Evidence and sources
Adding source citations produced the largest measured visibility gain for low-ranking sites, at +115%, ahead of the addition of expert quotations at +41% and statistics at +30-40%, across the strategies tested on generative engines. — Generative Engine Optimization, KDD 2024
The published GEO research is why the fifth signal is the one to watch: adding quotations and cited sources produced a larger measured gain than any other single change tested.
Primary sources
- Generative Engine Optimization (KDD 2024) — the citation and quotation figures the citability weight follows
- What Generative Search Engines Like — which page characteristics are surfaced in generated answers
- What Gets Cited: Competitive GEO — earned media is favoured over brand-owned content
- The rule set and its weights — every check, its weight and its pass condition
Questions about the checker
Is my pasted text stored or sent anywhere?

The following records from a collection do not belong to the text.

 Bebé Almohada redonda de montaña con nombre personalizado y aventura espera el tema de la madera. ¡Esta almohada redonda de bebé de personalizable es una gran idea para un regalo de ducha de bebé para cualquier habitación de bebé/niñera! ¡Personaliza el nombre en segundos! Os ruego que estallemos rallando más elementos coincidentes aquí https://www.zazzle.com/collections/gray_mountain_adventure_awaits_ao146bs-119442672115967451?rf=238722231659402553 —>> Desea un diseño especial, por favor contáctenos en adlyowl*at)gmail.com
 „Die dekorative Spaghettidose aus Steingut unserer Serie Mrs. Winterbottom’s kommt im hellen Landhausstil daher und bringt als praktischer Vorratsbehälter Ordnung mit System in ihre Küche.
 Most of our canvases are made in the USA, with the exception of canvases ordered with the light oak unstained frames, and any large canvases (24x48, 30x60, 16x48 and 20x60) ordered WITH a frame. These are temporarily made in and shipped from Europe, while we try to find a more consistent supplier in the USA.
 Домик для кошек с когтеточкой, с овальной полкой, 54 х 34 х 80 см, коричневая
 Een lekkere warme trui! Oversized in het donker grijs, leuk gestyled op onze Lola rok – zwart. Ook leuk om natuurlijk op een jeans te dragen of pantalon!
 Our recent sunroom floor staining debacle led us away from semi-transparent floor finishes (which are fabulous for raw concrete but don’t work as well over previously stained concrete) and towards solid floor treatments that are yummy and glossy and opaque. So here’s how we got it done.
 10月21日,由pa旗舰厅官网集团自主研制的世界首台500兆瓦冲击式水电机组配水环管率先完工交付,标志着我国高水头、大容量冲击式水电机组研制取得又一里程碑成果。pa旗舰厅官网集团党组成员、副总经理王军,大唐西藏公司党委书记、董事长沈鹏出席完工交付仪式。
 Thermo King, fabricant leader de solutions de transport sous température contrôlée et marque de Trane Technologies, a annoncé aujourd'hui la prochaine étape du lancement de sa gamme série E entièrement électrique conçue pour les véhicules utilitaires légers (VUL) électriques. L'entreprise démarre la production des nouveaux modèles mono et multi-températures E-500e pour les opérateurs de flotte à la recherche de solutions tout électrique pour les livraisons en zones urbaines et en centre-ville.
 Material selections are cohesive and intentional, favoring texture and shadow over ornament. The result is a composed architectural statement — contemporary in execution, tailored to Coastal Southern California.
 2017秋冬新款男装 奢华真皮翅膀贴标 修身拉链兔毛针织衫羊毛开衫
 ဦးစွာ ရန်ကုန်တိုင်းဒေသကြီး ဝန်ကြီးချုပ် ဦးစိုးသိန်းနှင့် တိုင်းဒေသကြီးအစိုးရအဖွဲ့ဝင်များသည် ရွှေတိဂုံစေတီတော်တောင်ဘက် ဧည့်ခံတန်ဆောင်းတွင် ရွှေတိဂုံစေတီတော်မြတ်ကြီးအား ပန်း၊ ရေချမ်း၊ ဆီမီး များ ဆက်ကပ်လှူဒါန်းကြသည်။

No. The rules run in your browser and the text never leaves the page. There is no request to a server, no log, and no account — which is also why the tool works with your network disconnected after the page has loaded.
Why is there no score out of 100?
Because a mark invites you to optimise the mark. A count of six signals, each with the substring that produced it, tells you what is missing and lets you check the verdict. A number would be easier to quote and easier to game.
Can I use this for a client report?
You can quote the six signals and their evidence for any answer you paste. What you must not do is present a count from one answer as a visibility rate — that is the claim this tool deliberately refuses to make, and the guide explains how to record results properly instead.